**WORK INSTRUCTION:** Copy exactly the lines from the beginning of the data down to and including the line holding "活动现场气氛火爆,想要参加活", without any pictures.

------------------------------------------------------------------------

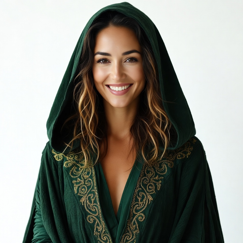 A woman with wavy brown hair smiles warmly while wearing a green hooded robe with gold embroidery. The robe features a deep hood framing her face and a low neckline. She stands against a plain white background.
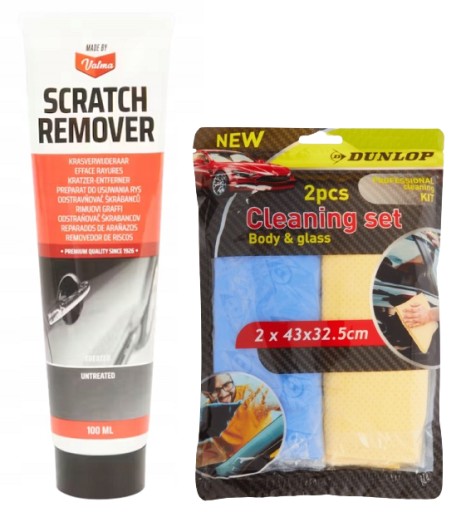 Zestaw 2 produktów: środek pasta do usuwania zarysowań polerowania karoserii VALMA 100 ml + ściereczki do polerowania DUNLOP 2 szt.
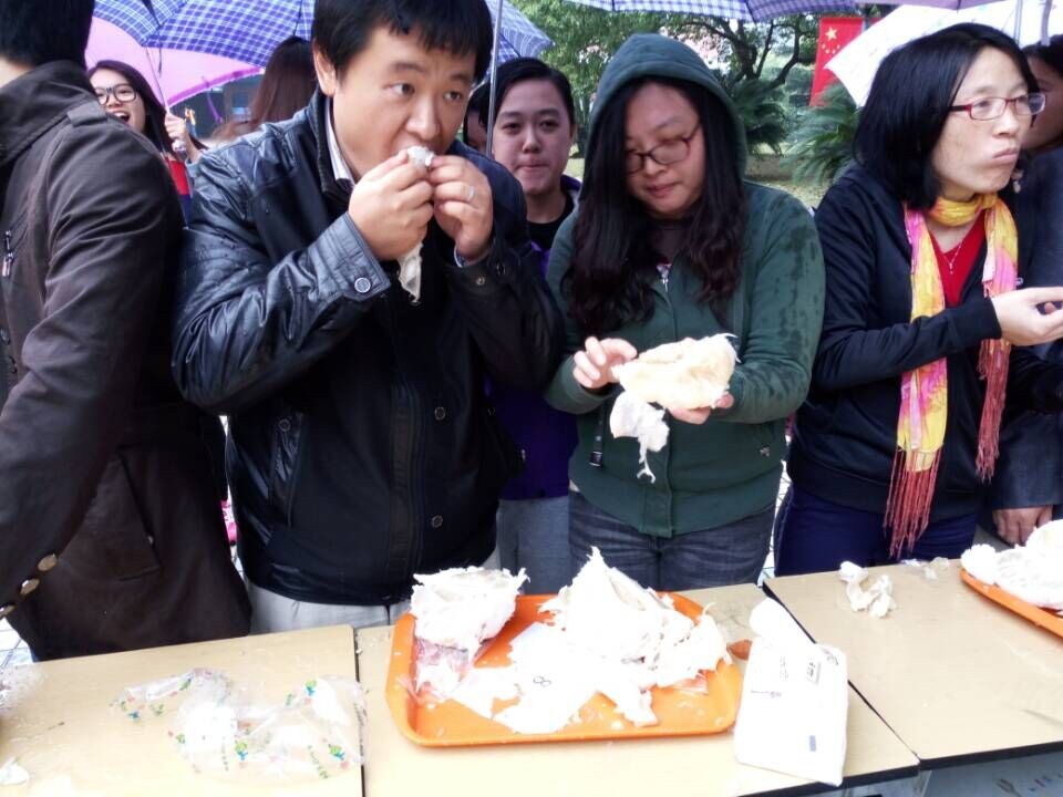 活动现场气氛火爆,想要参加活动的同学们更是把比赛场地周围围得水泄不通。活动一开始,参赛者们都八仙过海各显神通,有的温文尔雅;有的徒手直劈;有的善用巧法。周边的同学们都在惊呼:好厉害!吃柚子的时候更是战况激烈,当看到有参赛者在规定时间内已经把一个柚子吃掉,时间还有剩余时,一个一个小伙伴们都惊呆了!双人组的参赛者更是颜艺帝,为现场观众展现了团队合作的重要性。
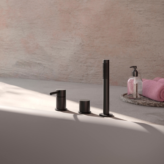 ![]() | 18.022025.2.12 DEEP BLACK Dreiloch-Wannenarmatur für Fliesen- oder Wannenrandmontage Flexschlauch mit 1/2" IG zum Anschluss einer externen Wannenbefüllung LOGIC-SoftEmotion-Keramikkartusche mechanischer Drehumsteller ausziehbare Stabhandbrause Nylon-Brauseschlauch eigensicher gegen Rückfließen inklusive Befestigungsmaterial erforderliche Lochbohrungen 35 mm Oberfläche Schwarz matt UVP 855,00 € zzgl. MwSt.
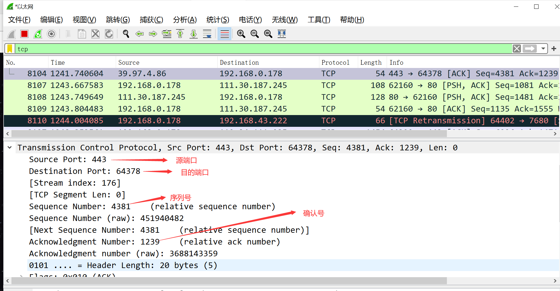 用 Wireshark 任意抓包(可用 tcp 过滤),熟悉 TCP 段的结构,如:源端口、目的端口、序列号、确认号、各种标志位等字段。
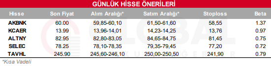 Bugün hareketli olmasını beklediğimiz hisseler: AKBNK-KCAER-ALTNY-SELEC-TAVHL
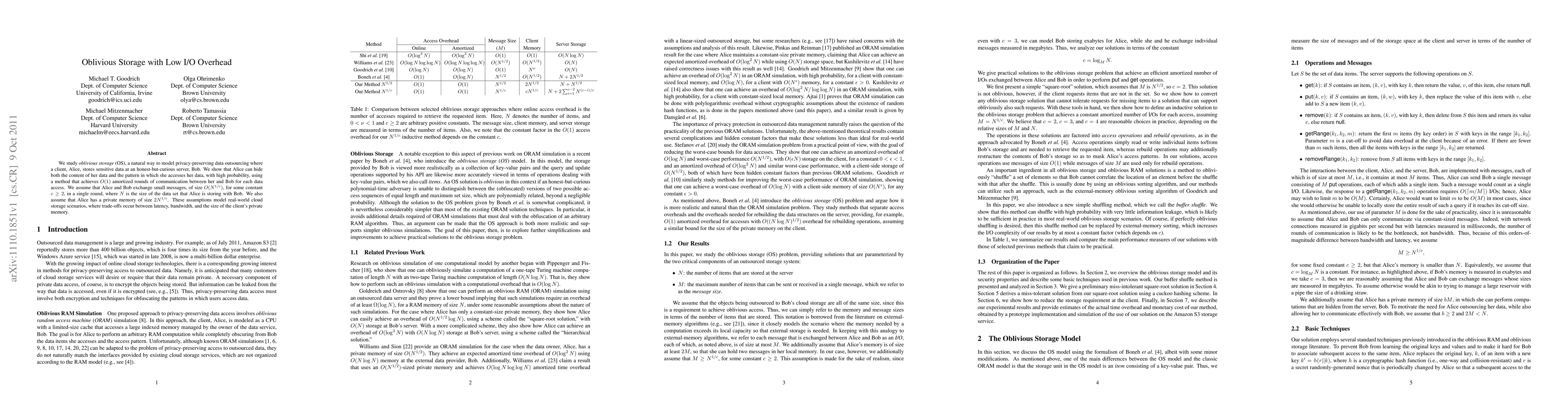 Researchers demonstrate a method for oblivious storage that allows clients to hide both data content and access patterns with high probability, achieving O(1) rounds of communication for each data access.
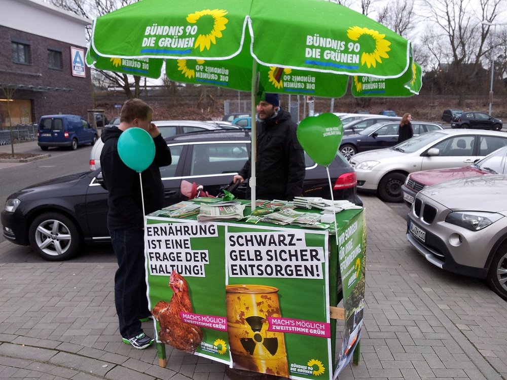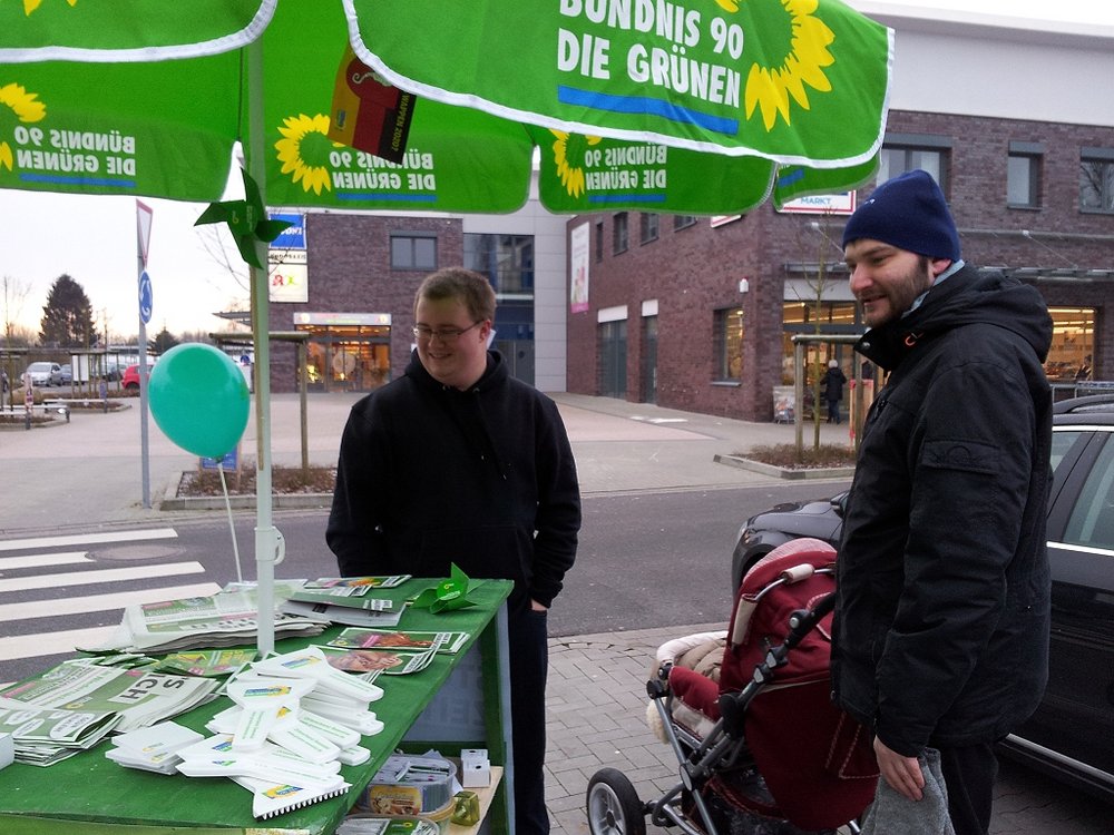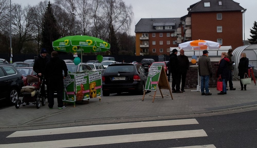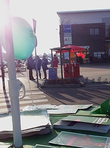 Zunächst begrüßten wir unsere Mitbewerber und guckten, welche giveaways sie für die Kundschaft auf dem Tisch hatten. Natürlich sprachen wir über die Bürgerinitiative gegen die Raststätte und versuchteen, den Wahlausgang am kommenden Sonntag einzuschätzen. Gespannt waren wir, ob sich die Piraten wieder zeigen würden, mit denen standen wir ganz allein am vergangenen Sonnabend an dieser Stelle.
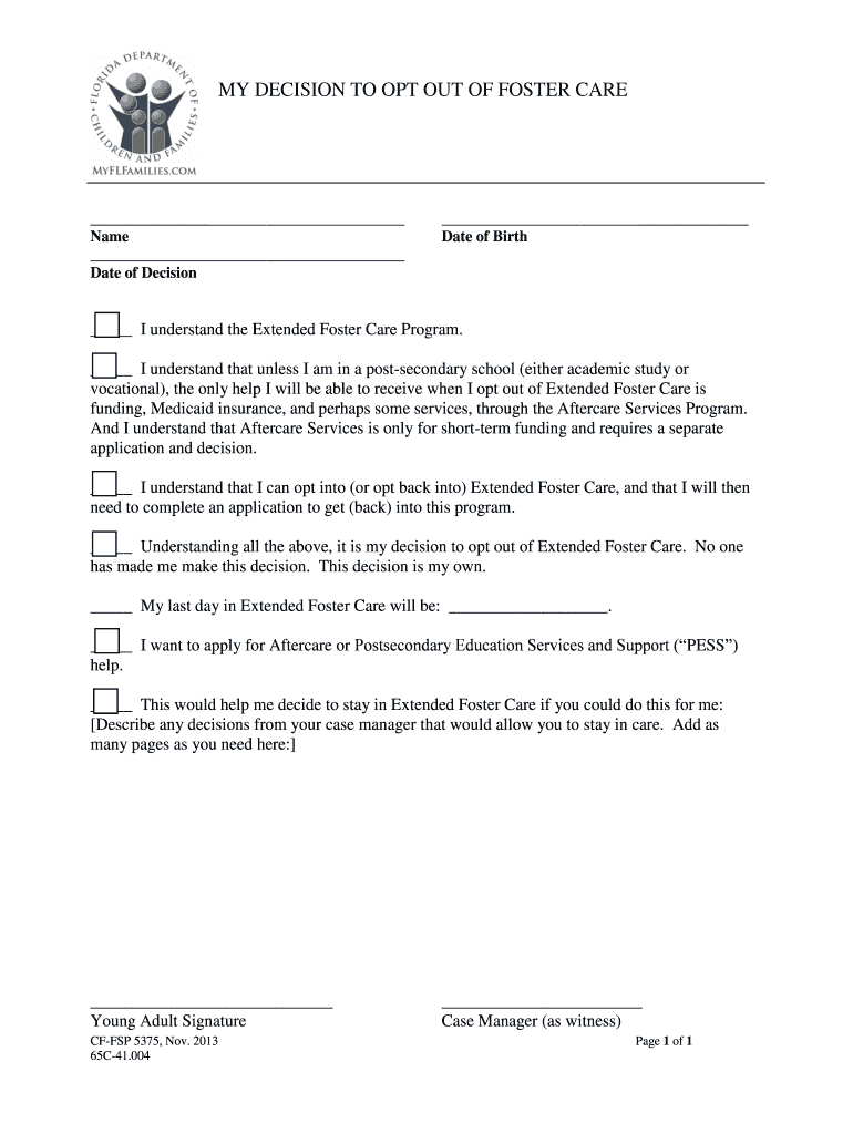 If you have specific concerns, consult your case manager or a legal professional who can provide guidance and support related to the Foster Care Opt-Out Decision Form.
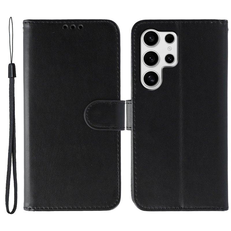 Samsung Galaxy S26 Ultra Plånboksfodral Konstläder Flip med Rem - Svart
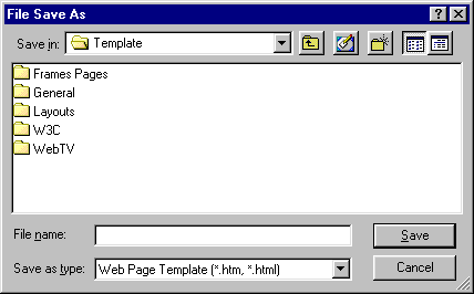 在本節教程的例子中,我們創建了一個新的保存模塊文件對話框。HoTMetaL裡面有幾個模板你可以從中進行選擇。模板只是一個普通的網頁,這個網頁被保存HoTMetaL應用程序目錄的Template模板中。當你從文件菜單中選擇新項目的時候,其中一個標簽選項是Page From Template。當你選擇了它,就會彈出一個標簽對話框,上面包含了各種模板: General、 WebTV、 W3C、 Frame Pages、 Layout。
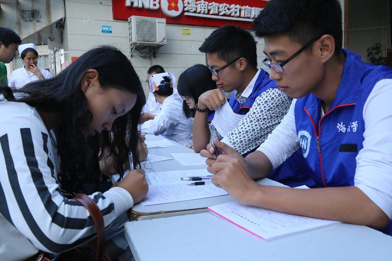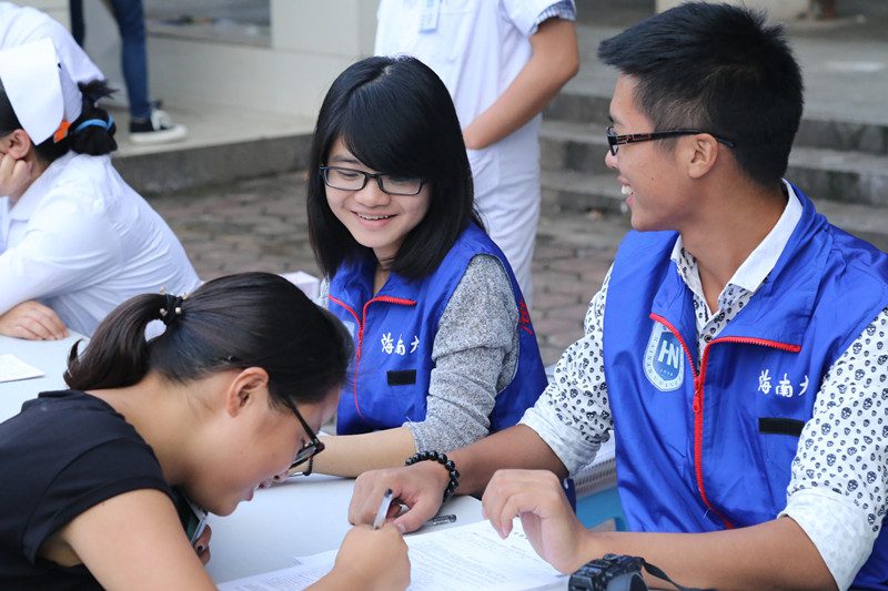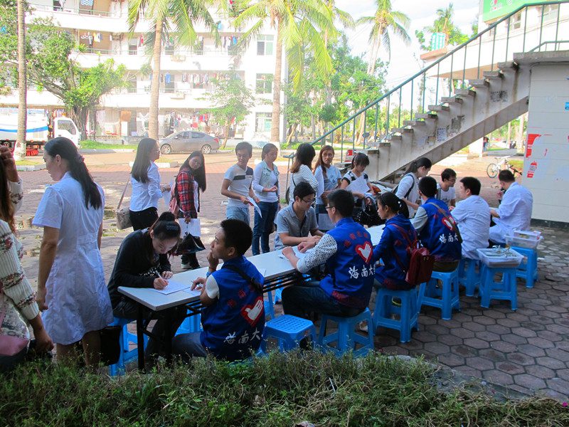 2014年11月15日下午3:00,人文传播学院无偿献血活动在海南大学第二食堂门口开展。当天下午青年志愿者协会的志愿者们在会长高强的带领下早早来到了献血场地进行场地布置并与到场医护人员进行了沟通和安排,无偿献血活动有条不紊的开展。 下午3:00后陆续有同学到达献血点,不乏很多女同学来贡献力量。在献血过程中,同学们首先在志愿者处进行登记,随后到医护人员处量血压测血型,最后到献血车中进行献血。整个过程中医护服务人员和志愿者们亲切热情的服务态度使同学们感受到了温暖。献血车外,从宿舍、操场走向献血点的同学们络绎不绝,献血车内整齐的布置,清洁的环境使同学们感受到了卫生、专业。医护服务人员在献血过程中为同学们提供了饮料,处处体现了“人性化”的关怀。在献血后,同学们拿到了笔记本、信封、邮票、等纪念品并领取了献血证。 本次无偿献血活动在志愿者们的积极配合、医护人员的敬业工作、同学们的积极参与下圆满结束。在本次活动中同学们秉承着“人人为我,我为人人”意识,体现了志愿者奉献爱心、分担责任的当代大学生精神。

------------------------------------------------------------------------

**TASK RESPONSE:**
 A woman with wavy brown hair smiles warmly while wearing a green hooded robe with gold embroidery. The robe features a deep hood framing her face and a low neckline. She stands against a plain white background.
 Zestaw 2 produktów: środek pasta do usuwania zarysowań polerowania karoserii VALMA 100 ml + ściereczki do polerowania DUNLOP 2 szt.
 活动现场气氛火爆,想要参加活动的同学们更是把比赛场地周围围得水泄不通。活动一开始,参赛者们都八仙过海各显神通,有的温文尔雅;有的徒手直劈;有的善用巧法。周边的同学们都在惊呼:好厉害!吃柚子的时候更是战况激烈,当看到有参赛者在规定时间内已经把一个柚子吃掉,时间还有剩余时,一个一个小伙伴们都惊呆了!双人组的参赛者更是颜艺帝,为现场观众展现了团队合作的重要性。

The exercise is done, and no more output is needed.